After that, the blobs are generated according to the blobs array, which can be played back and downloaded respectively:
Playback:
replyBtn.addEventListener('click', () => { const blob = new Blob(blobs, {type : 'video/webm'}); recordPlayer.src = URL.createObjectURL(blob); recordPlayer.play(); });
The blob goes through the URL The createobjecturl can only be played as an object url.
Download:
download.addEventListener('click', () => { var blob = new Blob(blobs, {type: 'video/webm'}); var url = URL.createObjectURL(blob); var a = document.createElement('a'); a.href = url; a.style.display = 'none'; a.download = 'record.webm'; a.click(); });
Generate a hidden a tag and set the download attribute to support downloading. Then trigger the click event.
So far, we have realized the recording of microphone, camera and screen, and supported playback and download.
Let's look at the effect:
The complete code is uploaded to github: https://tygithub.com/QuarkGluonPlasma/webrtc-exercize
A copy is also posted here:
<html> <head> <title>Record and download</title> </head> <body> <selection> <video autoplay id = "player"></video> <video id = "recordPlayer"></video> </selection> <section> <button id = "startScreen">Open recording screen</button> <button id = "startCamera">Turn on the camera</button> <button id = "stop">end</button> <button id = "reply">playback</button> <button id = "download">download</button> </selection> <script> const player = document.querySelector('#player'); const recordPlayer = document.querySelector('#recordPlayer'); let blobs = [], mediaRecorder; async function record(recordType) { const getMediaMethod = recordType === 'screen' ? 'getDisplayMedia' : 'getUserMedia'; const stream = await navigator.mediaDevices[getMediaMethod]({ video: { width: 500, height: 300, frameRate: 20 } }); player.srcObject = stream; mediaRecorder = new MediaRecorder(stream, { mimeType: 'video/webm' }); mediaRecorder.ondataavailable = (e) => { blobs.push(e.data); }; mediaRecorder.start(100); } const downloadBtn = document.querySelector('#download'); const startScreenBtn = document.querySelector('#startScreen'); const startCameraBtn = document.querySelector('#startCamera'); const stopBtn = document.querySelector('#stop'); const replyBtn = document.querySelector('#reply'); startScreenBtn.addEventListener('click', () => { record('screen'); }); startCameraBtn.addEventListener('click', () => { record('camera'); }); stopBtn.addEventListener('click', () => { mediaRecorder && mediaRecorder.stop(); }); replyBtn.addEventListener('click', () => { const blob = new Blob(blobs, {type : 'video/webm'}); recordPlayer.src = URL.createObjectURL(blob); recordPlayer.play(); }); download.addEventListener('click', () => { var blob = new Blob(blobs, {type: 'video/webm'}); var url = URL.createObjectURL(blob); var a = document.createElement('a'); a.href = url; a.style.display = 'none'; a.download = 'record.webm'; a.click(); }); </script> </body> </html>
summary
Audio and video communication is divided into five steps: acquisition, coding, communication, decoding and rendering. The API related to browser audio and video communication is called WebRTC.
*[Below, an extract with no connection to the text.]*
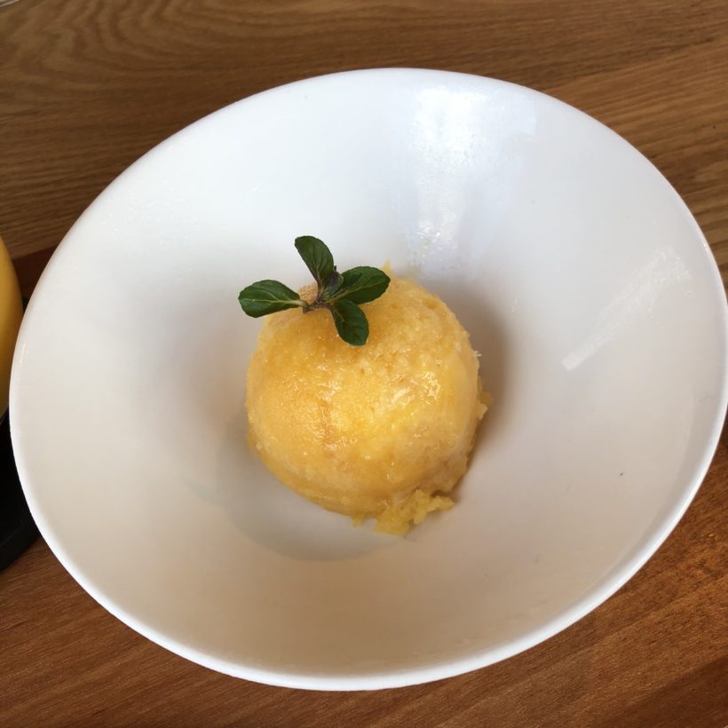 私たちは「ハニーバターチーズパンケーキ」、娘には「ジェラート(オレンジ)」を注文。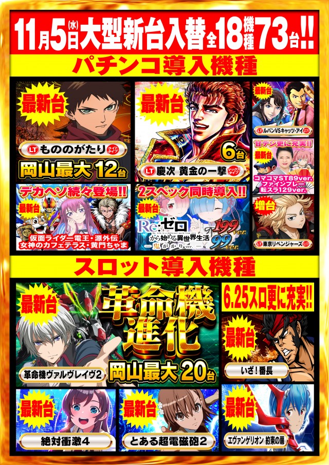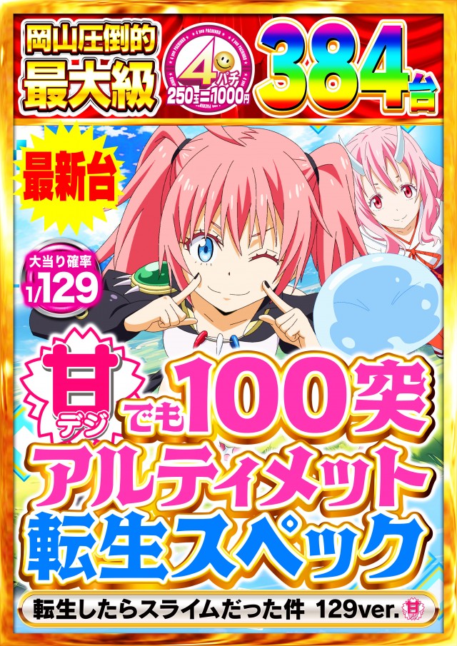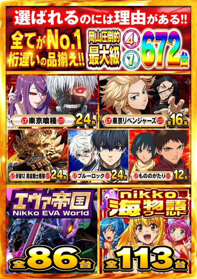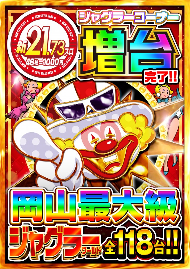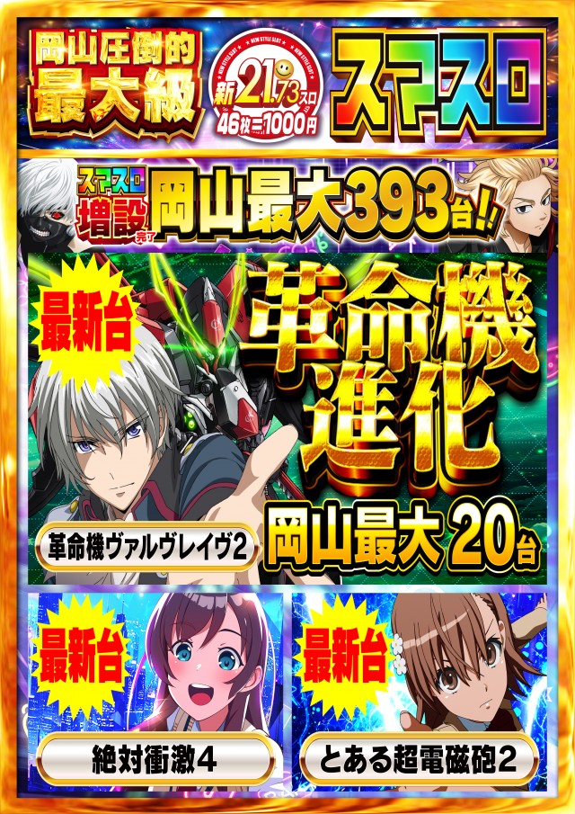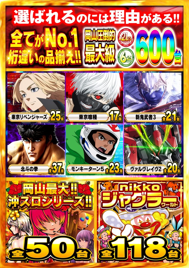 - 4パチ:384台 1パチ:288台 21.73スロ:524台 6.25スロ:76台

We have implemented the collection part to get started with WebRTC, and also support playback and download.
There are three APIs involved:
- navigator.mediaDevices.getUserMedia: get the stream of microphone and camera
- navigator.mediaDevices.getDisplayMedia: get the stream of the screen
- MediaRecorder: monitor the change of stream and realize recording
We use the first two APIs to get the streams of screen, microphone and camera respectively, then record with MediaRecorder, save the data into the array, and then generate Blob.
video can set the srcObject property as a stream so that it can be played directly. If you set Blob, you need to use URL Createobjecturl processing.
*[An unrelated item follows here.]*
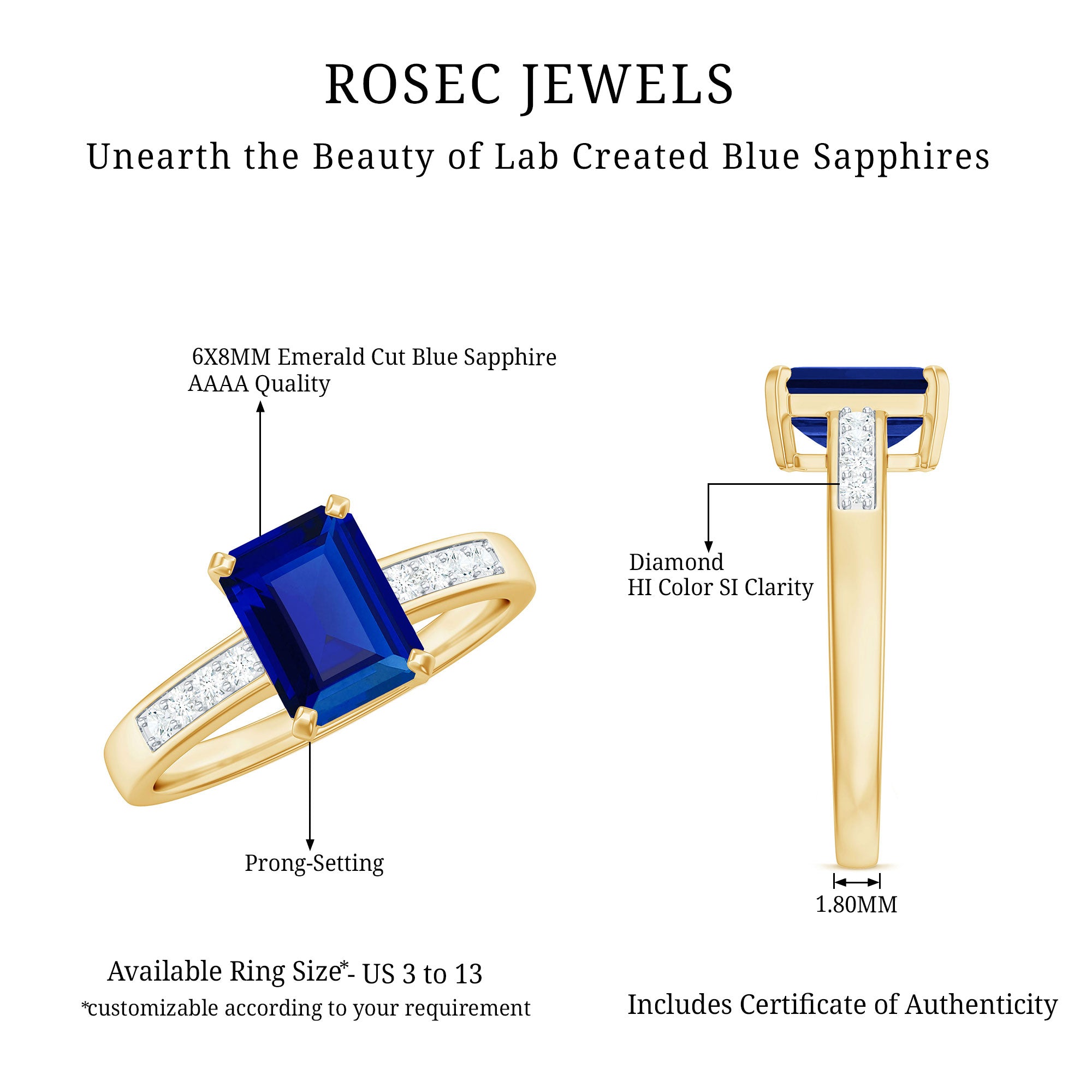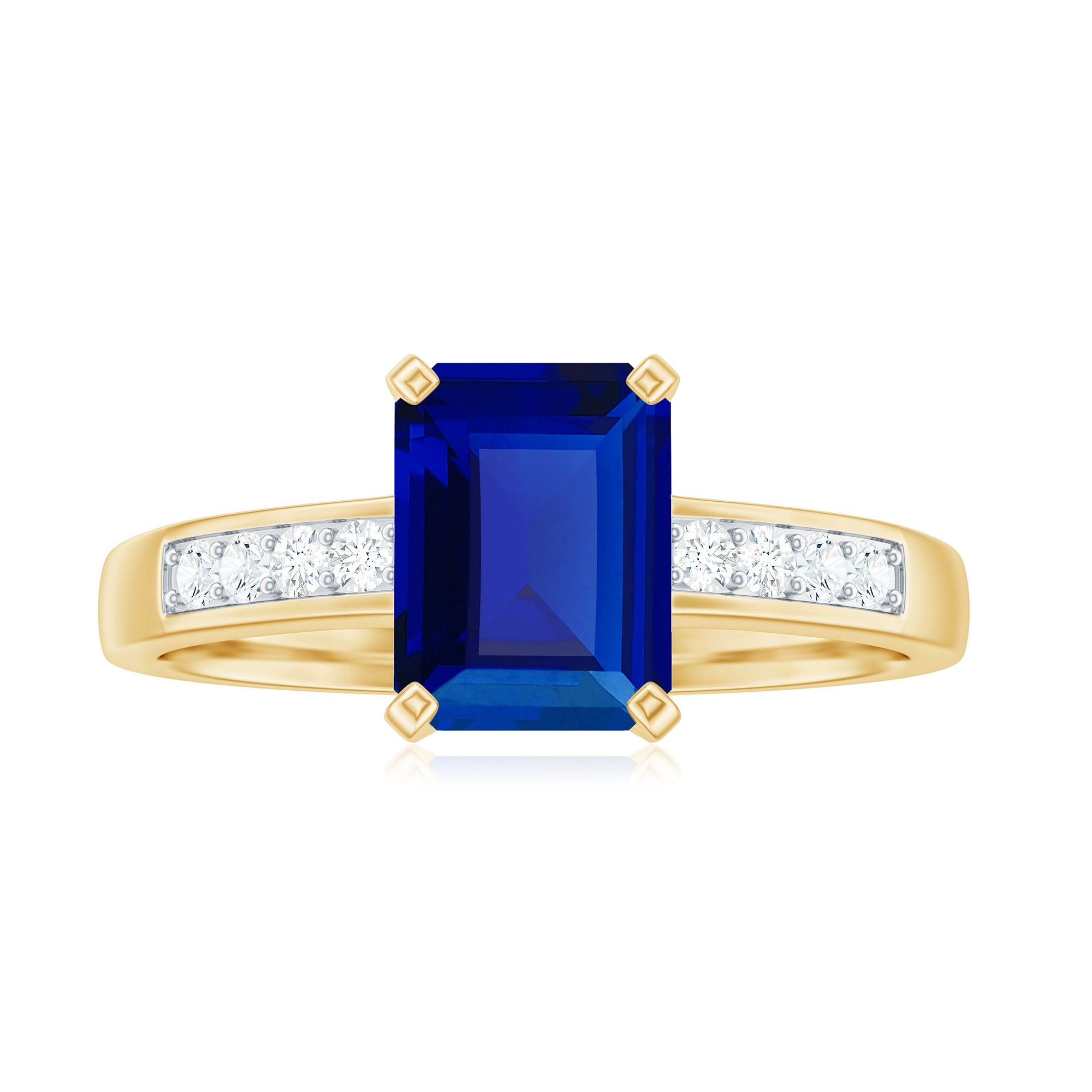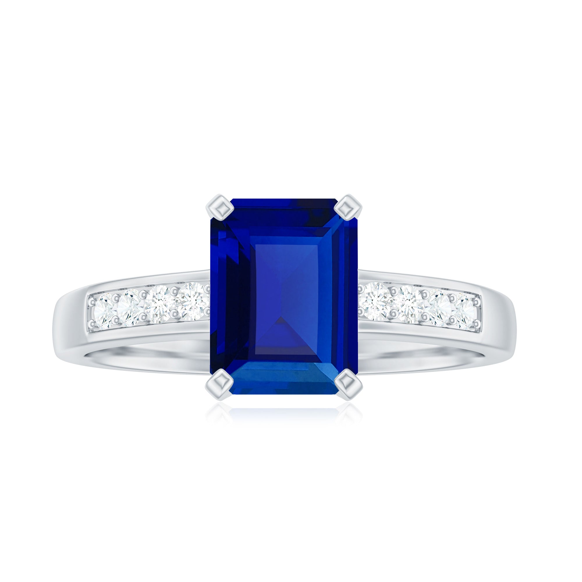 Make a statement with this stunning Created Blue Sapphire Ring! Featuring a 6X8 MM Octagon Cut Created Blue Sapphire in Prong Setting and Diamond Side Stones on a Solitaire Ring, this piece is sure to turn heads. This Ring can also be the perfect Engagement Ring for your loved one. With a total weight of 2 Carats and AAAA Clarity, you can trust that all our certified gemstones undergo rigorous quality checks to ensure their exceptional quality.

The download is implemented by pointing to the object url of the Blob object through the a tag, specifying the download behavior through the download attribute, and then manually triggering click to download.
We have learned how to use WebRTC to collect data, which is the data source of audio and video communication. After that, we need to realize encoding, decoding and communication, which can be a complete RTC process. These will be further explored later.
We intuitively feel what WebRTC can do. Do we feel that this field is also very interesting?